Nonperturbative dynamical many-body theory of a Bose-Einstein condensate

TL;DR

This paper introduces a non-perturbative dynamical many-body theory for strongly interacting Bose gases, capturing effects beyond mean-field and perturbative approaches, and analyzes their non-equilibrium evolution.

Contribution

It develops a systematic non-perturbative expansion for quantum gases, enabling the study of dynamics beyond mean-field approximations.

Findings

The theory captures direct scattering, memory, and off-shell effects.

Homogeneous 1D Bose gases evolve to non-equilibrium quasistationary states.

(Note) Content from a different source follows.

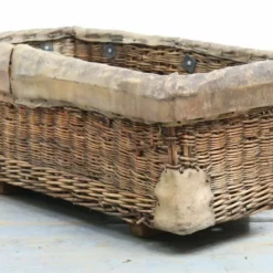 This heavy-duty basket with a crown stamp is ideal for storing logs. The rim has a thick, hardened leather border, and two wooden blocks support the basket. It has “ER F.B.K. 1952” stamped underneath, indicating it may have belonged to the British military or government.

Approach to thermal equilibrium is extremely slow.

Abstract

A dynamical many-body theory is presented which systematically extends beyond mean-field and perturbative quantum-field theoretical procedures. It allows us to study the dynamics of strongly interacting quantum-degenerate atomic gases. The non-perturbative approximation scheme is based on a systematic expansion of the two-particle irreducible effective action in powers of the inverse number of field components. This yields dynamic equations which contain direct scattering, memory and ``off-shell'' effects that are not captured by the Gross-Pitaevskii equation. This is relevant to account for the dynamics of, e.g., strongly interacting quantum gases atoms near a scattering resonance, or of one-dimensional Bose gases in the Tonks-Girardeau regime. We apply the theory to a homogeneous ultracold Bose gas in one spatial dimension. Considering the time evolution of an initial state far from equilibrium we show that it quickly evolves to a non-equilibrium quasistationary state and discuss the possibility to attribute an effective temperature to it. The approach to thermal equilibrium is found to be extremely slow.